Validation of Glycolysis-related hub genes
All of the 9 glycolysis-related hub genes were validated in TCGA data. We found that DCN had the higher expression level of EC tissues than that of healthy tissues, while the B3GALT6, PAM, LCT, GMPPB, GLCE, CAPN5, GYS2 and FBP2 had the lower expression levels of EC tissues than that of healthy tissues (FIGS5A-I). We further validated the 9 glycolysis-related hub genes including B3GALT6, PAM, LCT, GMPPB, GLCE, DCN, CAPN5, GYS2 and FBP2 using immunohistochemistry. PAM, GMPPB, GLCE, CAPN5, GYS2 and FBP2 had the consistent expression trend. B3GALT6 and LCT were not available in the database (Fig. 11A-G). AUC value was used to identify the diagnostic efficacy of distinguishing normal and cancerous tissues, AUC value of 9 genes combined diagnosis was 0.992, which means the 9 genes can well identify cancer tissue and normal tissue (Fig. 11H). Regarding prognosis, Kaplan-Meier curves showed that higher expression of CAPN5, FBP2 and GYS2 correlated significantly with poor overall survival (OS), while the lower expression of DCN, GMPPB and PAM correlated significantly with OS (FIGS7).

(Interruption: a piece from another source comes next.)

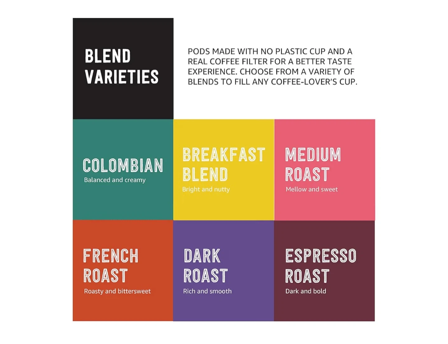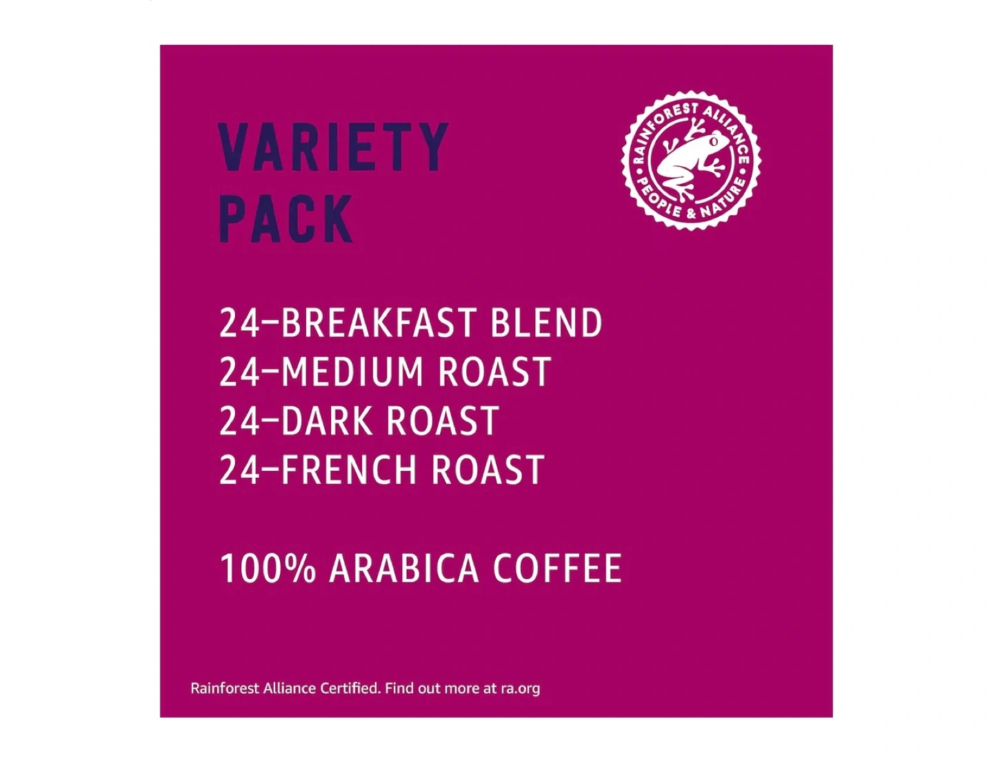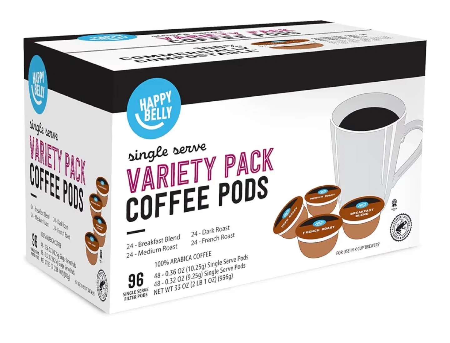Selling a box of Happy Belly Variety Pack Coffee Pods. The box includes 96 single-serve filter pods, offering a variety of blends. Enjoy a selection of 24 Breakfast Blend, 24 Dark Roast, 24 Medium Roast and 24 French Roast pods. Compatible with Keurig 1.0, Keurig 2.0, Keurig K-Elite, Keurig K Supreme Plus, and Cuisinart SS-5P1 brewers
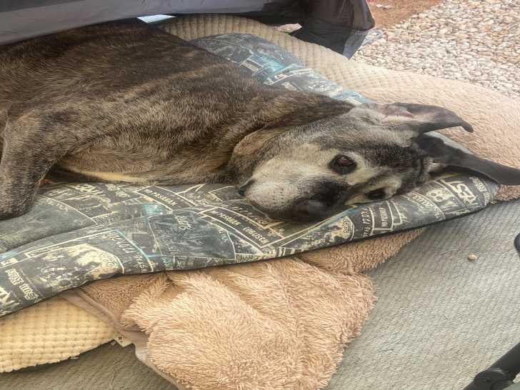 C’est un pépère qui a lui aussi quelques problèmes de santé, simplement au niveau de son arthrose, mais il est encore capable de faire à son rythme des belles balades que je ne peux plus assurer. Il est sociable avec les enfants et les autres animaux qu’il connaît. Il réagit tout de même lorsqu’il croise d’autres chiens.

Association between Nine hub genes and genetic mutations
We compared the frequency of genetic mutations between high- and low- risk score groups through R package maftools. The high-risk group had somatic mutations in the following order: TP53 > PTEN > PIK3CA > ARID1A > TTN > PIK3R1 > KMT2D > CTNNB1 > CTCF > MUC16 (FIGS6A). The low-risk group had somatic mutations in the following order: PTEN > ARID1A > PIK3CA > TTN > PIK3R1 > CTCF > KMT2D > ZFHX3 > MUC16 > MUC5B (FIGS6B). Furthermore, we found that the patients in the low-risk group showed obvious mutation signatures, compared with patients in the high-risk group (FIGS6C-D).
Identification of nine cell cycle-related genes risk score associated biological pathways
GSEA further analyzes high- and low- risk group samples, revealing the main enrichment pathway. The samples of the high-risk group were mainly concentrated on the pathways such as dna repair, g2m checkpoint, myc targets v1 and myc targets v2. The samples of the low-risk group were mainly concentrated on the pathways such as bile acid metabolism, fatty acid metabolism, heme metabolism and xenobiotic metabolism (Fig. 12).